# Autodosing on the cheap



## stcyrwm (Sep 1, 2005)

I'm going to do start an experiment with auto dosing this week. I'm going to use the Fish Mate automatic fish feeder:

http://www.drsfostersmith.com/product/NavResults.cfm?N=2004+112973 

to dose my macros dry and an Eheim Liquidoser to dose my Excel and Tropica Master Grow trace fertilizer. It seems like the cheapest, simplest way for me to set up automated dosing. $55 for the liquidoser and $30 for the Fish Mate. Any feedback appreciated and I'll update with how it goes.

Bill


----------



## scolley (Apr 4, 2004)

Bill - just how little can the Fish Mate dose? And how accurately? Do you know, or are you buying one to find out for us?

Would be cool if it works!


----------



## stcyrwm (Sep 1, 2005)

I just ordered it last night but because it has separate compartments I'm assuming I can dose specific amounts the size I want. I'll let you know how it works. If this one doesn't work I am going to try the Rondomatic unit which looks like it may be better quality. I have been thinking about this ever since I got some cheapo autofeeder units last month but those units dose by scooping out of a bin so it seems they would be fairly hard to specify precise dosing. These units are more like pillboxs dumping a specific dose - at least theoretically.

I'll keep you posted,
Bill

PS
If anyone has suggestions for other auto feeders that might work for this please let me know. I'm doing this largely out of curiousity so I may experiment with different units.


----------



## JonMulzer (Apr 6, 2003)

The only potential problem I can see is your "dry dosing" turning to "mush dosing" as the dry ferts pick up humidity out of the air around your aquarium. That would probably be more of a problem inside of an enclosed canopy though. Also, I am not sure how hydrosorbent ferts are. Just something to keep an eye out for.


----------



## Fosty (Oct 17, 2003)

I think it will work fine. I've always thought of doing it, but never felt like forking over the cash to buy one. One thought though, put it near a strong current in the tank so the powder (I'm assuming you are using it to dry dose) has the best chance of dissolving fast. If you have a powerhear, or spraybar, that would be best. If you just have a powerfilter, as close to that as you can get it would be best.


----------



## stcyrwm (Sep 1, 2005)

> The only potential problem I can see is your "dry dosing" turning to "mush dosing"


The longer it sits in there the more likely this will be a problem - one of the reasons I'm trying one of the smaller units first. I'll just have to wait and see. The unit does have an air inlet for an air pump to ventilate it but I can't quite see myself going this route.



> put it near a strong current in the tank so the powder (I'm assuming you are using it to dry dose) has the best chance of dissolving fast


I'll put it right by the outlet of my filter which has a very strong current so that should cover this.

Thanks for the feedback. My biggest concern at this point is that it seems so simple yet noone seems to have done it.

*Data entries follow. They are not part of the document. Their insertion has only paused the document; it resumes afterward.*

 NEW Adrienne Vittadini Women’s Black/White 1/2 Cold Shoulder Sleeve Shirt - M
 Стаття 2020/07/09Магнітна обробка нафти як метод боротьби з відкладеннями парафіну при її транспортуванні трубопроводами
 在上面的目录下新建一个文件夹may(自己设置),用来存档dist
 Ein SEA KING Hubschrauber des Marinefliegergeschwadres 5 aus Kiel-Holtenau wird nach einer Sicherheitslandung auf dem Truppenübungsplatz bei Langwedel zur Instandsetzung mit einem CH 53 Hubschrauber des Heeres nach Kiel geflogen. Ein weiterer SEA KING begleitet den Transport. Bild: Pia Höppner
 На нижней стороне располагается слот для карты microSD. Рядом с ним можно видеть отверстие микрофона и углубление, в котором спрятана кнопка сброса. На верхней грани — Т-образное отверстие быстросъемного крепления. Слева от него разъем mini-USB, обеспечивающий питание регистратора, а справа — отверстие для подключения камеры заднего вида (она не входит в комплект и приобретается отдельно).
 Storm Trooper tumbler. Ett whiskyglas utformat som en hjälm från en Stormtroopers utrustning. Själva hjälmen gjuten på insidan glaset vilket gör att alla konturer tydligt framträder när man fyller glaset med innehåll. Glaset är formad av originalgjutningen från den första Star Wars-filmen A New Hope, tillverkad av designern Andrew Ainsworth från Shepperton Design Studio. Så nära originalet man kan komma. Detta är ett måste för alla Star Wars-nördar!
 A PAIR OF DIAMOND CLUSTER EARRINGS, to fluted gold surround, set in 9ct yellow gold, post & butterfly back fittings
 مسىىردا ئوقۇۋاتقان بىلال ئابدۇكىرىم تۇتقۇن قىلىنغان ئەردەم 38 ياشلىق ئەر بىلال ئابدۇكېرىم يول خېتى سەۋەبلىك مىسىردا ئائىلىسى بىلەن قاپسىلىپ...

I'm always suspicious when something seems to easy - time will tell.

Bill


----------



## stcyrwm (Sep 1, 2005)

*1st round failure*

Got the Fish Mate auto feeder and it won't do the job. The compartments are bottomless and will drag food around until it gets to the opening but the dry ferts get left behind. Oh well............

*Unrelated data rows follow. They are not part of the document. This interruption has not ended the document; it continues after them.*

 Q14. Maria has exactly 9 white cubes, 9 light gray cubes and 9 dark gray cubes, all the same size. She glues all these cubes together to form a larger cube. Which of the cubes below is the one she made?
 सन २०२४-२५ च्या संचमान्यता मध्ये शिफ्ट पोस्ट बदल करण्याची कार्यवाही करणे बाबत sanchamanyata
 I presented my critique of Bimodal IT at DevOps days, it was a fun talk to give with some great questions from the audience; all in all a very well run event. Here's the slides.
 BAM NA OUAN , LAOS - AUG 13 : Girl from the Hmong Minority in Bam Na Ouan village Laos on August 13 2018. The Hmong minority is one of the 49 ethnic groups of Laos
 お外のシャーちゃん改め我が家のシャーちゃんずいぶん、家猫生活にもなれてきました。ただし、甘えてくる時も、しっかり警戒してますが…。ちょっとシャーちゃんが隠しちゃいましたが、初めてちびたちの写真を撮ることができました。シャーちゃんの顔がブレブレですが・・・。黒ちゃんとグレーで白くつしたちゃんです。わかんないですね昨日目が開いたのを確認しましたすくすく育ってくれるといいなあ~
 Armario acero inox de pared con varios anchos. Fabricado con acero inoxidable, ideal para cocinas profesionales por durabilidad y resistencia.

The Eheim Liquidoser on the other hand is a champ. I'm going to buy a couple more for dosing Excel and traces in my other aquariums.

I'll let you know if I try any other auto feeders.

Bill


----------



## jgc (Jul 6, 2005)

Thanks for the post mortum - had considered it myself.


----------



## stcyrwm (Sep 1, 2005)

*Round 2 Promising Test Run*

Okay, I called Dr Fosters & Smith to see if either of their other "compartment" auto feeders would work for what I wanted and I got someone who talked to tech assistance and said they wouldn't. So what did I do, I ordered one anyway, go figure. 

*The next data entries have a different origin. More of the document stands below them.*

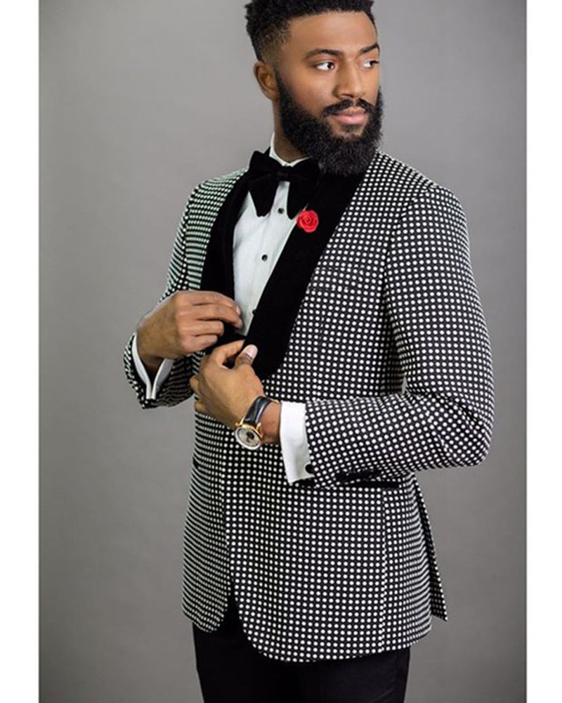 Black and White Dot Men's Blazer Suits 2 Pieces(Blazer+pants) ,Formal Dress Men Outfits CB0727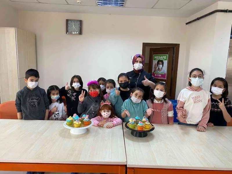 Pursaklar Belediyesi Hanım Evlerinde sömestr etkinlikleri kapsamında 8-12 yaş grubu çocuklar gazete kağıdından çerçeve ve cupcake yaptı.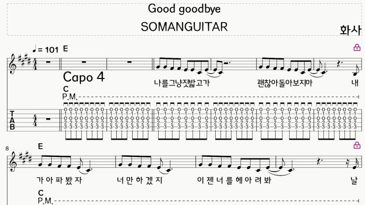 [E Key] 화사 - Good goodbye 악보 행신동 실용음악학원 소만마을 기타교습소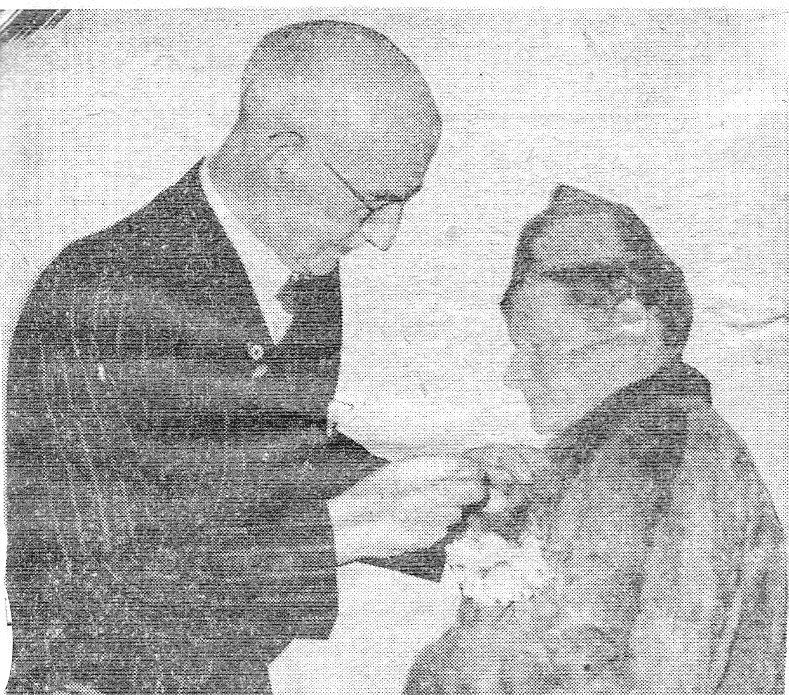 Captain M S Galloway, secretary-general of the NZ Red Cross Society, pins a service medal on Miss H E Bowen's coat in recornition of 30 years work for the Society in Levin.

I moved up in expense to the $39 Lifegard Automatic Fish Feeder by Pentair Aquatics. It's a plug in unit which said it could dispense dry medicine, sounds good to me. Got the unit today and 1st impression was positive. On this one the compartment container is held down with a screw in spring. I did a dry run and it seems to work. On the negative side the mounting hardware is junk but I managed to get it on the tank anyway. I've got it loaded up and I'll let you know how it functions in actual operation. 

Bill


----------



## Wasserpest (Jun 12, 2003)

I was thinking the same thing a couple of days ago... Let us know how this works in real live.

So this thing has 15 little compartments that you pre-fill, right?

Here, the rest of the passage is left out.